In Contrast
Robert Hewer Solo Show
The Portrait and human figure are subjects that have fascinated artists for centuries. The museums around the world are full of paintings that testify to the potency of this subject and the way it touches on ideas about who we are or want to be, self-image and status, and the human condition. The figure and portrait paintings by Robert Hewer give his own particular contemporary twist to this engaging and timeless motif.
Faces emerge out of a complex surface of facets, brushstrokes and coloured accents; he never lets us forget that we are looking at a painted surface, deliberately placing accentuated brushstrokes and small flicks and ripples of paint. These paintings are richly assembled and reveal a fluency, confidence and skill in manipulating paint that any expressive abstract artist would envy, but he also manages to combine this activity with a high degree of skill in rendering the portrait, or indeed the other subjects such as still life that he occasionally extends his range to.
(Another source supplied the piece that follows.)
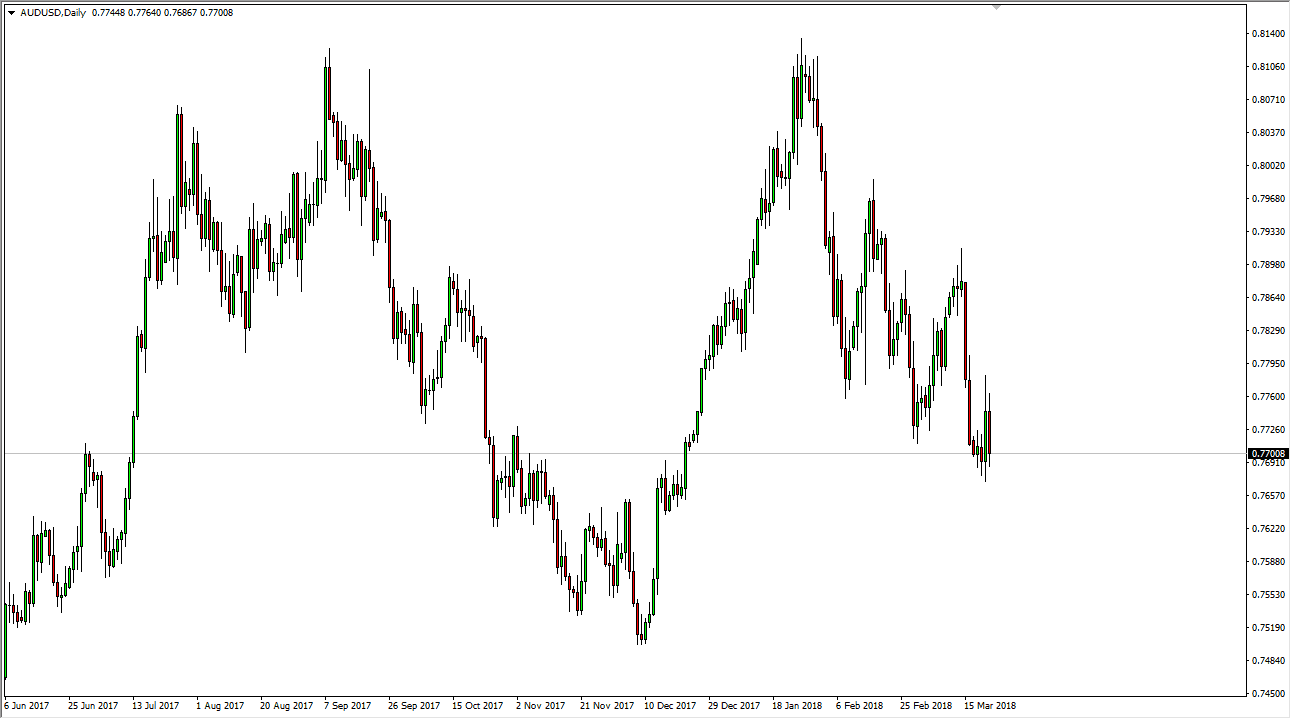 The Australian dollar initially tried to rally during the session but rolled over significantly to reach towards the 0.77 level. It’s at this point that I think most traders are starting to look for value, and it’s possible that they may find it. However, if we break down to a fresh, new low, then I think the market goes down to the 0.76 level, an area that is essentially the uptrend line of the longer-term uptrend channel. I think that the next couple of sessions will be crucial, and you should probably pay attention to gold markets as they could lead the way for Australian dollar traders as well. If we do rally, it’s going to be a very messy affair.

Sometimes we recognise the person in the portrait, perhaps a celebrity from contemporary life, and this sense of recognition plays on the viewers consciousness while all the time there is the physicality of the painted surface to explore and become involved in. Here we find that the painterly quality is matched by an acute awareness of composition and underlying geometry.
The facial expressions and bodily poses occupy a range of personalities, at times stark, bold, even confrontational, at other times quiet or withdrawn, or perhaps showing a blank vacant expression hinting at anonymity in the modern age of mass surveillance. We are permitted the space to speculate on the essence of a person and what it means to be looked at.
Visually stunning and technically brilliant these striking paintings have the power to both thrill and excite, as well as to encourage more profound reflection and questioning.
Robert Hewer writes about the ideas behind these new paintings:
‘ In this show I really wanted to focus on pushing my mark making and use of colour in the paintings, which in turn has created two dimensions to the show, the colour pieces and the monochrome.
With the monochrome work I was able to exercise a more lively and exuberant use of mark making without the distractions of colour, which was a really liberating and fruitful process.
This use of mark then also fed in to how I approached the colour paintings, pushing me to be braver with the vibrancy and contrasting relationships of the colour.
Because of how the two sides of the show have informed each other throughout the marking process, I think there is a real cohesive element weaving through the paintings; creating a body of work that plays off one another in an interesting and dynamic way.’